# Triumph Spitfire 1500 Conversion (UK)



## ZEVUtah (Apr 10, 2008)

The spitfire should make a great conversion. A 100 mile range can be done, but will cost you a large amount of cash for the battery pack. A 50 mile range could be done for a lot less money. 

Take a look at these cars for ideas on what can be done. 

http://www.evalbum.com/type/TRIU

Cheers,
Kyle 

http://www.evalbum.com/2058 
http://www.zevutah.com


----------



## Sio (Jun 14, 2009)

Thanks Kyle, but the range needs to be higher than the norm as I will not be able to charge at home just at work hence need the security that the extended range provides.


Sio.


----------



## EVElvis (Jun 20, 2009)

Hi There.

I also live in a flat with no garage at the mo.

I have owned Triumph Heralds for ten years and am looking to convert one to electric. 

I am a novice as well so I hope to learn from this forum and the net.

I have just gone to this site and asked for approx quotes and recommendations: http://www.everything-ev.com. 

From my initial youtube research etc Spitfires seem popular to convert. I too would like batteries for long range, but cost will limit this (buy in bulk with fellow EV converters?). Getting on the property ladder is something I wish to do soon tho! 

Tim


----------



## Sio (Jun 14, 2009)

EVElvis said:


> Hi There.
> 
> I also live in a flat with no garage at the mo.
> 
> ...


Looks like we are after the same thing and face the same problems.

Unfortunately (from the advice I have had), you are looking between £3-4k for batteries alone and that's just the start. Apparently Lithium Ion batteries need a battery management system (which adds to the costs).

My project is dead in the water at the moment because the bank will not lend me the money to fund my project. I have put my Golf GTi on the market to help with the finances but this will only raise half of the potential £8k required for the conversion (to the required spec).

You also need to make sure your Herald is structurally sound as "on the hoof repairs" will add to the bottom figure.
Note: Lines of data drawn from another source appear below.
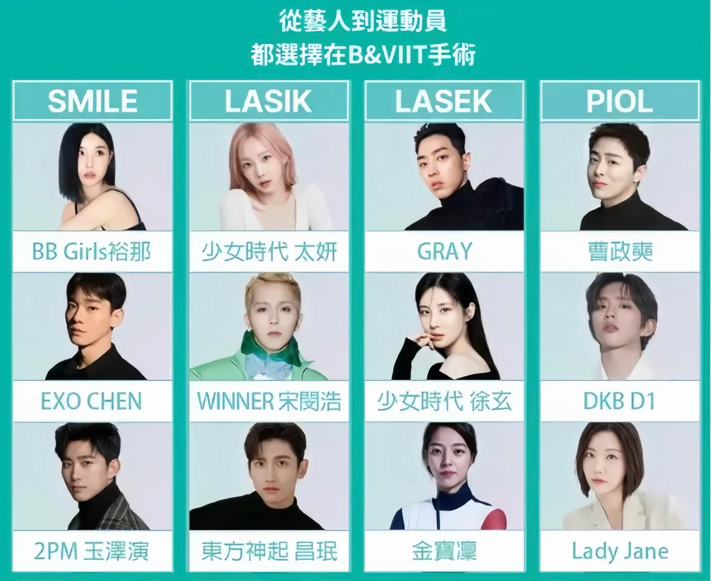 - B&VIIT眼科長年以來也累積了不少知名客群的案例,包括少女時代太妍、EXO 燦烈、THE BOYZ、2PM 玉澤演等韓國藝人,以及多位國家代表隊的運動員。
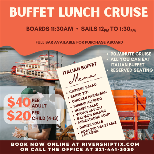 Tickets are available online at RivershipTix.com or by calling our office at 321-441-3030
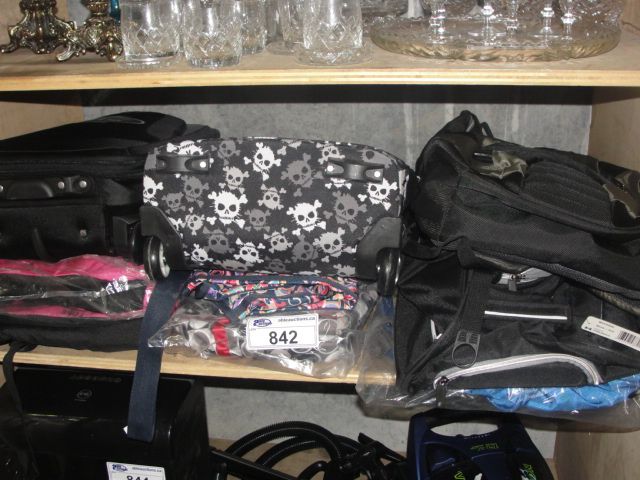 SHELF LOT OF ASSORTED BACK PACKS AND DUFFEL BAGS

Sorry to sound pessimistic Tim, but if you are willing to settle for less (not accounting for structural repairs) you can convert for between £3-5K with Lead acid batteries but obviously charging is a concern with us.

Kind regards,

Sio.

P.s. everything-ev.com are very expensive and their kits are incomplete & do not include batteries, you will be better off joining the Triumph Six Sports club and getting some local & cheaper help.


----------



## ClintK (Apr 27, 2008)

Another Triumph Spitfire! Welcome!

100 mile range will take quite a bit of Lithium. I went in on a group purchase with EVComponents.com for my pack. With delivery and customs cost me about $4000 USD, but you'll probably need 3 to 4 times that for your range.
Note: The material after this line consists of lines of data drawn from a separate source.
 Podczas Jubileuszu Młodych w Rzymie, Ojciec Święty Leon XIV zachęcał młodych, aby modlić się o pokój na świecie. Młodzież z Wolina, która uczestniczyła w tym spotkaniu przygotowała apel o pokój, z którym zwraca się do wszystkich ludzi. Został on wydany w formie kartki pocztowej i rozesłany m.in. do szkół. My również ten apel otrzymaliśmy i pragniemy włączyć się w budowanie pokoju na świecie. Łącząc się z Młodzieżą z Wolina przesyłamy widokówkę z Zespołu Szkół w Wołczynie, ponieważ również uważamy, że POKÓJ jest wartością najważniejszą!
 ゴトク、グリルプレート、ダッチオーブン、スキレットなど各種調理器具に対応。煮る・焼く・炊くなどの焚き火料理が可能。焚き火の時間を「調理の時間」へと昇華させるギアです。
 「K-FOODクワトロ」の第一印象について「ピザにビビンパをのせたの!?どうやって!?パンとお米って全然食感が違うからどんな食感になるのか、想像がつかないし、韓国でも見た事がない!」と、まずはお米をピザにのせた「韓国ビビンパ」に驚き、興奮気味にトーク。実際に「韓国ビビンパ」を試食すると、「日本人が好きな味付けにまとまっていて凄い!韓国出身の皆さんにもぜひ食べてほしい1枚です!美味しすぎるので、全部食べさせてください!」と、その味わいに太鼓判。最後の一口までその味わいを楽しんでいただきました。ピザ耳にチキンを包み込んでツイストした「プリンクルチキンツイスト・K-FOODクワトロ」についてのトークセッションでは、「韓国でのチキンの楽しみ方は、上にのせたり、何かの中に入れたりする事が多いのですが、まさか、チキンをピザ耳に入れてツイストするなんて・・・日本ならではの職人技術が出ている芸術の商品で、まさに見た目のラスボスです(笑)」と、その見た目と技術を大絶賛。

The Spitfire has been a great car to convert though. If you begin a conversion I think we'll have to start our own club. Here are build links from others on this site:
http://www.diyelectriccar.com/forums/showthread.php?t=21355&highlight=triumph+spitfire
http://www.diyelectriccar.com/forums/showthread.php?t=32484&highlight=triumph+spitfire
http://stefanelsener.googlepages.com/ev
http://www.diyelectriccar.com/forums/showthread.php?t=23830&highlight=triumph+spitfire
http://78electricspitfire.blogspot.com/

If you're going with DC... Considering your range requirement, go with either an 8" or 9" motor, 120V or 144V nominal. Around a 300Ahr LiFePO4 battery pack.
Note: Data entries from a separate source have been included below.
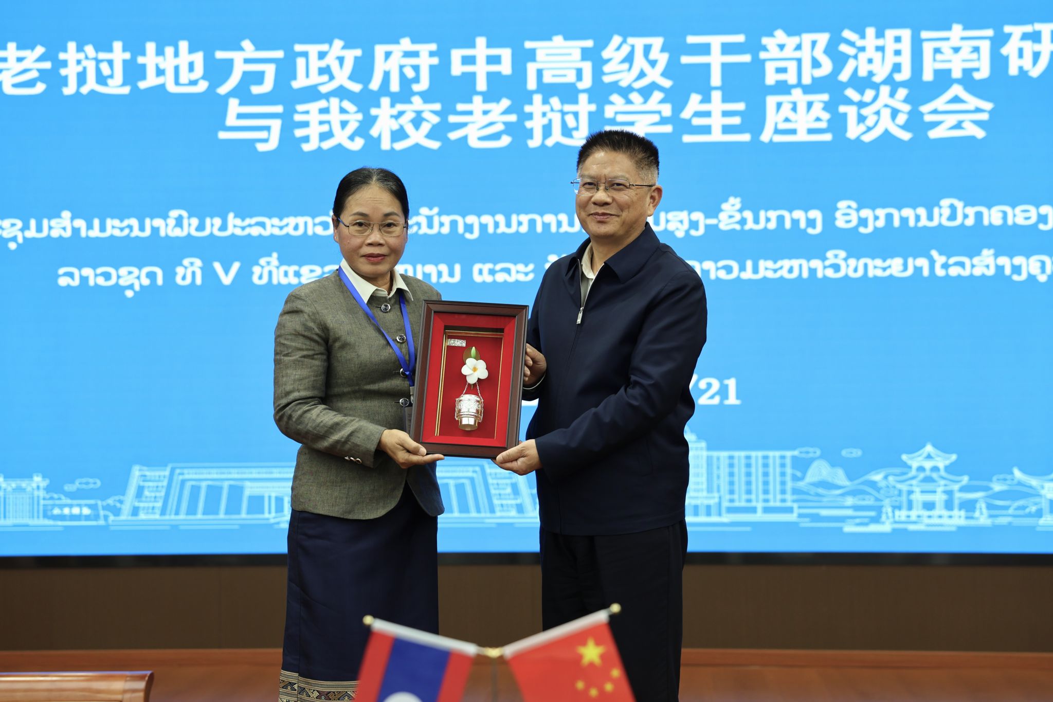 (记者 刘慧欣)10月21日,老挝地方政府中高级干部湖南研修班一行访问我校,副校长唐贤清出席座谈会,会议由国际交流合作处副处长周柯主持。
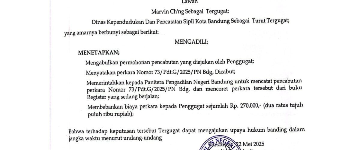 Relaas Pemberitahuan Putusan 73/Pdt.G/2025/PN Bdg
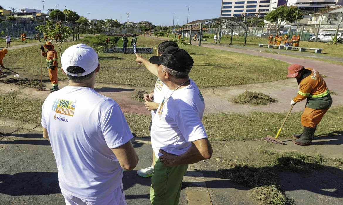 O “Mutirão no Centro” contempla ações de drenagem, manutenção de luminárias, recuperação de calçadas
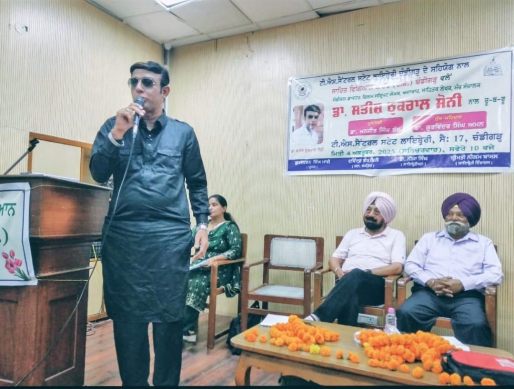 ਸਾਹਿਤ ਵਿਗਿਆਨ ਕੇਂਦਰ ਚੰਡੀਗੜ੍ਹ ਵੱਲੋਂ ਟੀ.ਐੱਸ.ਸੈਂਟਰਲ ਸਟੇਟ ਲਾਇਬ੍ਰੇਰੀ ਸੈਕਟਰ 17 ਚੰਡੀਗੜ੍ਹ ਵਿਖੇ ਡਾ. ਸਤੀਸ਼ ਕੁਮਾਰ ਠੁਕਰਾਲ ਸੋਨੀ(ਸਾਹਿਤਕਾਰ,ਅਦਾਕਾਰ,ਮੰਚ ਸੰਚਾਲਕ ,ਫਿਲਮ ਸਕ੍ਰਿਪਟ ਲੇਖਕ ਅਤੇ ਮੈਡੀਕਲ ਡਾਕਟਰ) ਦਾ ਰੂ-ਬ-ਰੂ ਕਰਵਾਇਆ ਗਿਆ । ਪ੍ਰਧਾਨਗੀ ਮੰਡਲ ਵਿੱਚ ਡਾ. ਸਤੀਸ਼ ਠੁਕਰਾਲ ਸੋਨੀ,ਡਾ. ਮਨਜੀਤ ਬੱਲ,ਡਾ. ਗੁਰਵਿੰਦਰ ਅਮਨ,ਗੁਰਦਰਸ਼ਨ ਸਿੰਘ ਮਾਵੀ ਤੇ ਦਵਿੰਦਰ ਕੌਰ ਢਿੱਲੋਂ ਸ਼ੁਸ਼ੋਭਿਤ ਸਨ। ਸੰਸਥਾ ਦੇ ਪ੍ਰਧਾਨ ਗੁਰਦਰਸ਼ਨ ਸਿੰਘ ਮਾਵੀ ਨੇ ਆਏ ਹੋਏ ਸਾਰੇ ਮਹਿਮਾਨਾਂ ਨੂੰ ਜੀ ਆਇਆਂ ਕਿਹਾ ਤੇ ਇਸ ਸਮਾਗਮ ਦੀ ਰੂਪ-ਰੇਖਾ ਬਾਰੇ ਚਾਨਣਾ ਪਾਇਆ। ਸੀਨੀਅਰ ਮੀਤ ਪ੍ਰਧਾਨ ਪਰਮਜੀਤ ਕੌਰ ਪਰਮ ਨੇ ਡਾ. ਸਤੀਸ਼ ਠੁਕਰਾਲ ਸੋਨੀ ਦੇ ਜੀਵਨ ਅਤੇ ਉਹਨਾਂ ਦੀਆਂ ਲਿਖਤਾਂ ਬਾਰੇ ਸੰਖੇਪ ਜਾਣਕਾਰੀ ਦਿੱਤੀ।

I'm not as familiar with AC, but this one: http://www.evcomponents.com/ProductDetails.asp?ProductCode=AC55 seems like a good deal. With AC you'll have a much higher voltage but lower AHr requirement.


----------



## Sio (Jun 14, 2009)

ClintK said:


> Another Triumph Spitfire! Welcome!
> 
> 100 mile range will take quite a bit of Lithium. I went in on a group purchase with EVComponents.com for my pack. With delivery and customs cost me about $4000 USD, but you'll probably need 3 to 4 times that for your range.
> 
> ...


Thanks Clint,

Congratulations on your conversion by the way, it was one of the conversions that inspired me to look into EV conversion.

Sadly my current circumstances mean I will have to wait until next year.

But keep up the good work.

Kind regards,

Sio.


----------